しかし、どのようなタイミングで何を話せば良いのか、不安に思う方も少なくありません。
この記事では、家族葬における喪主の挨拶について、そのまま使える簡単な例文をタイミング別に紹介します。
基本的な構成やマナーも解説するため、心のこもった挨拶の準備に役立ててください。
家族葬で喪主の挨拶は本当に必要?省略できるケースも解説
家族葬であっても、喪主の挨拶は原則として行うのが望ましいです。
故人に代わって参列者へ感謝を伝える大切な役割があります。
ただし、参列者が同居家族のみといったごく近しい間柄の場合、形式的な挨拶を省略し、より心のこもった言葉を交わす形にしても問題ありません。
親戚や故人の友人が参列している場合は、区切りとして簡潔な挨拶をするのが丁寧な対応です。

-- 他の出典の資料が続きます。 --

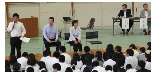
大阪府議会 出前授業
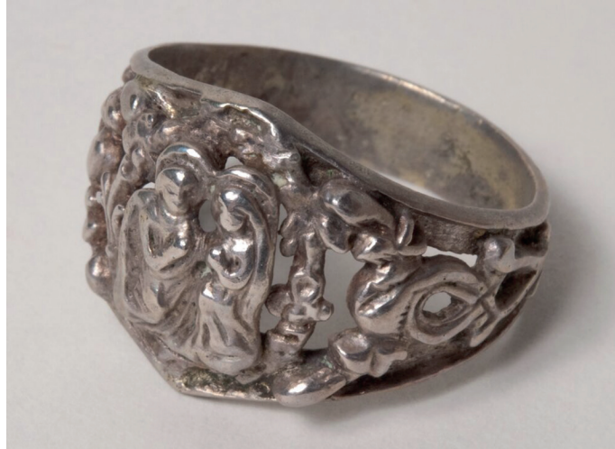
Figur 6. Ringen som låg vid fötterna av den begravda individen A 71.
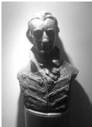
Репрод. 19 и 20. Јован Солдатовић: Сава Текелија, два одливка у бронзи, 1976.

У главном холу зграде Текелијанума налази се и још једна биста Саве Текелије.
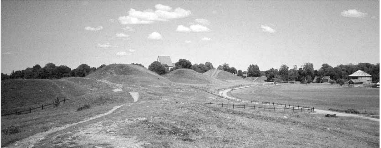
Kuningaskumpujen kätköissä voisivat levätä myös Suomen muinaisprinsessan, kuningatar Skjalv Frostentyttären maalliset jäännökset.

jälkeen maa jakautui uudelleen, koska hänen kahdellekymmenelle pojalleen annettiin kullekin oma pieni kuningaskuntansa.
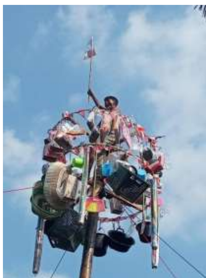
Program 17 Agustus
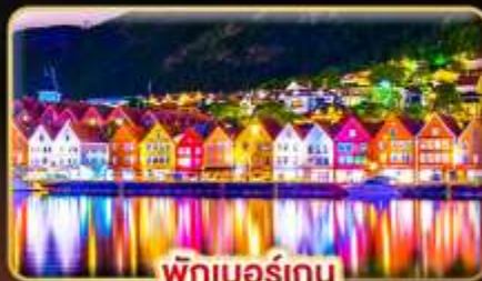
พักเบอร์เกน
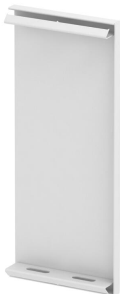
Topo para calha técnica GS.
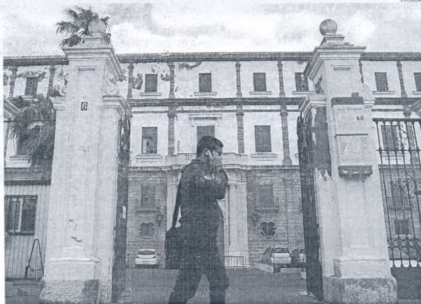
La Escuela Fernando Quiñones, actualmente en Valcárcel, se trasladará al Instituto del Rosario.

Se trata de un requisito indispensable para la Diputación, que necesita saber si el hotel comenzará a construirse en "dos, tres, cuatro o cinco años", para a partir de entonces negociar las condiciones del convenio original que firmaron las dos entidades. "Hay que renegociarlo, porque en el convenio figuraban unos plazos que ya están vencidos, y por tanto, hay que acordar otros diferentes", explica el di-
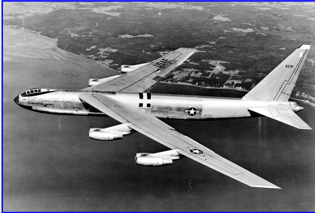
Американский стратегический бомбардировщик Б-52

Соперничество СССР и США вело к наращиванию вооружений ОВД и НАТО. Стороны стремились к превосходству в области атомного оружия и средств их доставки. В обеих странах появился военно-промышленный комплекс (ВПК), на нужды тратились огромные средства и работали лучшие научные силы. До 1949 г. лидерство в гонке принадлежало США, которые разрабатывали планы нанесения ядерного удара по территории СССР.
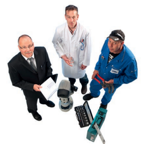
Fragen Sie uns! Please contact us!

Technische Änderungen, die dem Fortschritt dienen, vorbehalten. Subject to technical changes in the interest of progress.
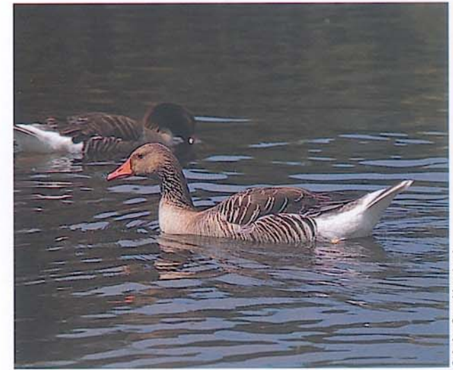
Grågås, Sten Moeslund

Selsø Sø og engene omkring søen er en af Sjællands bedste lokaliteter for vandfugle. Her yngler flere arter af Lappedykker, Knopsvane, Grågås, flere arter af ænder, Blishøns, Vibe, Rødben og Dobbeltbekkasin samt en række spurvefugle. Gennem de sidste 10 år er søen blevet tilholdssted for Skarv, som har sin nærmeste koloni på Bognæs. Om vinteren kan søen være tilholdssted for meget store flokke af Troldænder og Blishøns.
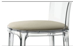
Cushion (fabric) Beige F-265 (232) Only for transparent and white glossy colour
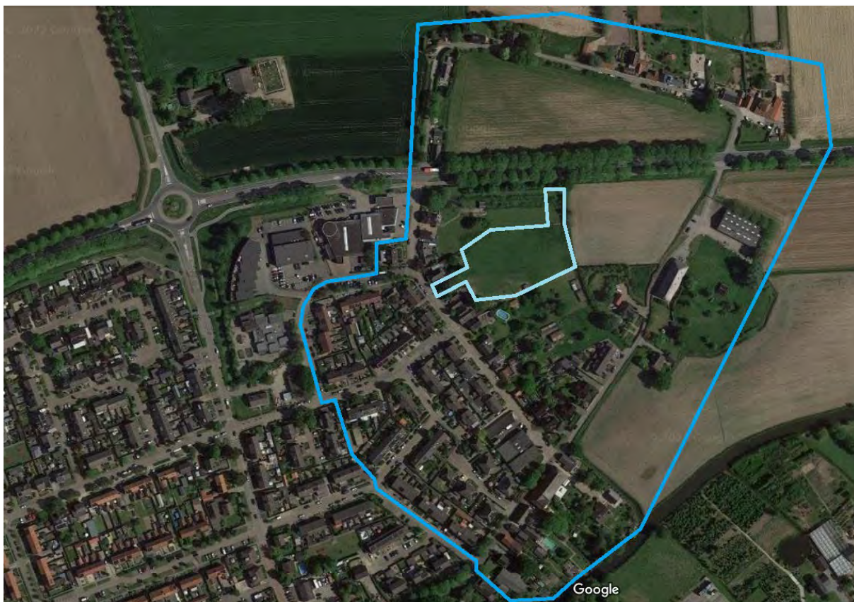
Afbeelding 2: Bezorggebied uitnodiging inloopavond (blauw omkaderd).

Met een persbericht in de huis-aan-huis-bladen "Altena Nieuws" en "Het Kontakt" (ook website) zijn andere geïnteresseerden op de hoogte gebracht van de inloopavond. Daarnaast heeft de Dorpsraad Almkerk op ons verzoek een bericht op hun facebook-pagina geplaatst.

【タイミング別】そのまま使える家族葬の喪主挨拶の例文集
お葬式では、挨拶をするタイミングがいくつかあります。
いつ、どのような挨拶をすれば良いのか戸惑うことがないよう、ここでは葬式の流れに沿って具体的な挨拶の例文を紹介します。
各場面に合わせた挨拶の例を参考に、ご自身の言葉でアレンジして活用してください。
1.【通夜】参列者へのお礼と会食の案内を伝える挨拶
お通夜の最後に、弔問に訪れた方々へ向けて挨拶をします。
ここでは、参列への感謝と、この後に行われる通夜振る舞いへの案内を簡潔に伝えることが目的です。
長くなりすぎないよう、要点をまとめて話しましょう。
本日はご多忙のなか、亡き父〇〇のためにお集まりいただき、誠にありがとうございます。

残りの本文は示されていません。